GitLab defined identification for generic alerts
Problem to be solved
Teams responsible for maintaining IT services can easily receive hundreds (sometimes thousands) of alerts a day. To ensure the list of alerts in GitLab is manageable, and therefore useful, GitLab must be able to identify alerts to deduplicate them, organize them, and provide an event count. Additionally, it is necessary to associate alerts and incident issues that are created from the alerts to keep track of what is being addressed and what is new and needs to be looked at.

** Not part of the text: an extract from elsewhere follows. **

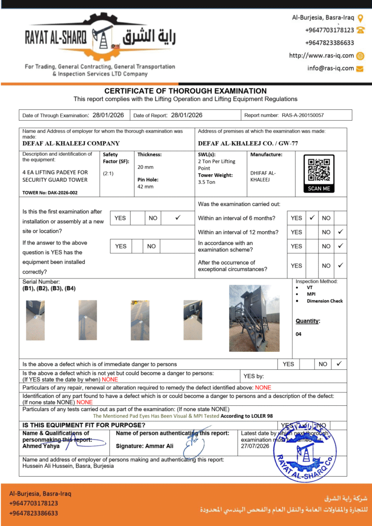 LIFTING INSPECTION
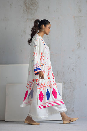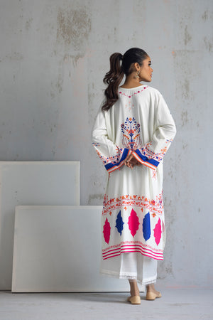 A white kurta made from crepe fabric with a stunning print features a playful combination of three colors, To add an extra touch of elegance, there's embroidery and shisha work on the neckline.

Identification is based on 1 or more fields in the alert payload which provides information about the problem that is occurring and the tool from which the alert came from. In the scenario a user has not provided a mapping to define the gitlab alert identification field, GitLab needs a default alert identification schema.
This will be a Premium feature. Consolidating 100s or 1000s of alerts from different tools for different teams across an organization is a desire of a central IT led by a technical Director or VP. This will appeal to that central IT team that will be able to tie all of these alerts together much more easily.
This work supports the direction of the Alert Management product category.
Implement alert identification schema in the event we receive an alert that does not have an identifier. This configuration should appear near where the alert endpoint is configured.
Since we're implementing both user and GitLab defined alert identification simultaneously, the logic will work as follows:
- GitLab receives alert and checks the
fingerprint=NULL, default to gitlab fingerprint
fingerprint!= NULL, use whatever value has been provided to identify that alert.
BEFORE this issue is implemented, we will simply NOT group alerts when the
fingerprint field = NULL.
- This is NOT something we are going to give users the ability to configure. This will be defined on the backend and function this way for all users.
- There will be no UI control at this time
- We will need thorough documentation for how this works
Note: As we always define a fingerprint for Prometheus alerts, this issue is valid for non-prometheus alerts only.